Réponse émise le 5 novembre 2019

Les sels d'aluminium sont employés depuis des décennies et des millions de doses de vaccins contenant des sels d'aluminium ont été injectées dans le monde sans que la dangerosité supposée de cet adjuvant ait été prouvée. En France, de hautes instances scientifiques telles, l'Académie nationale de pharmacie, le Haut conseil de santé publique, ont analysé l'ensemble des données scientifiques concernant les adjuvants aluminiques contenus dans les vaccins. Ces deux instances ont conclu que l'ensemble des données scientifiques disponibles ne permettent pas de remettre en cause la sécurité des vaccins contenant de l'aluminium, au regard de leur balance bénéfice/risque.

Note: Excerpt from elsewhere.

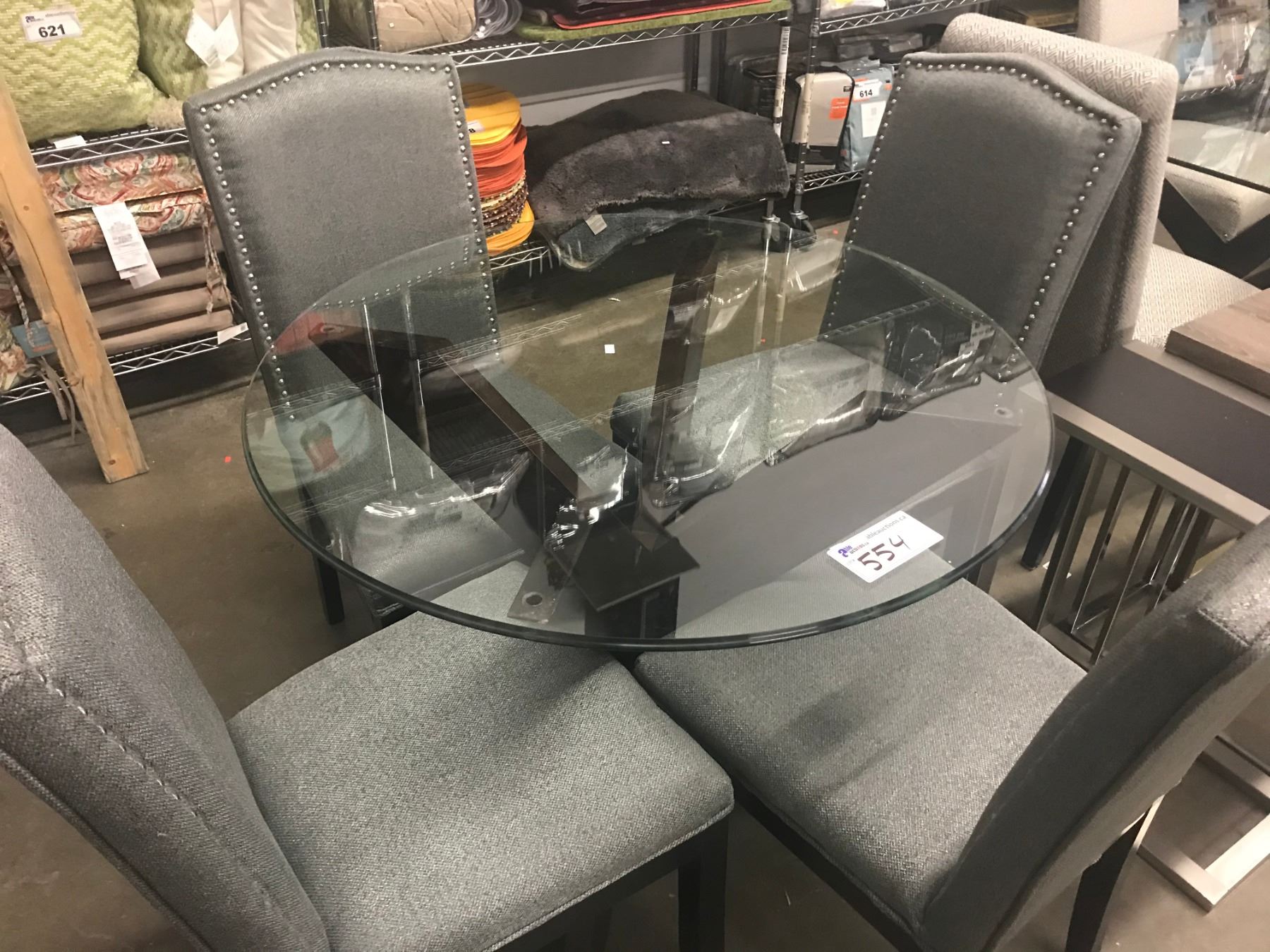 ROUND GLASS TABLE & 4 GREY STUDDED CHAIRS

La recherche en santé est importante pour l'amélioration des connaissances et des savoirs. Il n'y a aucun obstacle à ce que des équipes de recherche travaillent sur les questions de l'aluminium dans les vaccins. Il existe en France, plusieurs agences et institutions qui financent des recherches fondamentales ou médicales via des appels à projets. Il convient de rappeler que la vaccination est un geste de prévention simple et efficace. Elle permet d'éviter pour soi-même et pour les autres des maladies infectieuses graves qui peuvent entraîner d'importantes complications. Son bénéfice est double : elle permet de se protéger individuellement et de protéger son entourage, notamment les personnes les plus fragiles telles que les nouveau-nés, les femmes enceintes, les personnes malades ou immunodéprimées et les personnes âgées. La vaccination participe à renforcer l'immunité de groupe (protection collective) et, à ce titre, s'apparente à un véritable geste citoyen et de solidarité.